All of these things are slightly surprising...

Also, I saw and experienced several small but heartening things.

    
 I saw these flowers growing by the said of the road on the property of what looks to be some kind of place that sells plants. They also had chickens and a rooster who was crowing...welcome sounds early in the morning.

Then there were the kind people I met. While most like to look thru me, thereby feeling that they don't have to step out of their comfort zone to talk to me, a few brave ones decided to help me out.

The sales lady in the cosmetics department who helped me find the cheapest toothpaste that apparently fulfills all 3 duties a toothpaste should. (Cleaning, whitening, and good breath??) She spoke no English, but didn't let that stop her from helping me. Also, the toothpaste sparkles. I cannot explain how ecstatic this makes me...!

The cashier at the Noodle Box who listened while I tried to order in Korean, and then used his broken English to confirm my order. It really makes me feel special when people try to talk to me, because I know how awkward it makes most of them feel.

And then there was the little girl, 2 years old maybe?

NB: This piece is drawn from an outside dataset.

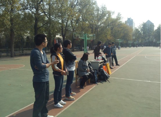 11月8日中午12点经管学院在北航篮球场上组织了一场别开生面的师生篮球赛。本场篮球赛共有两支队伍参赛,一支由经管学院杨海军老师和窦一凡领队,另一支由本科辅导员宋晓东老师和职业发展中心校友会秘书刘玮健老师领队,研究生指导主任牟晖老师也来到篮球场观看了本场欢乐的比赛。

Sitting bored in her cart at E-mart. When I walked by she looked me full in the face and said quietly, "An yeong ha seyo." I think I almost cried. So precious!

And finally, I found these little kid notebooks from Guardian with Air-Craft Carriers on the front. So I bought them, because they remind me of my man in the Navy. They also have quotes about Courage in them. And I've been realizing...courage only exists where there was once fear. So no matter that I was alone in Seoul - it just turned a little more of my fear into confidence and courage.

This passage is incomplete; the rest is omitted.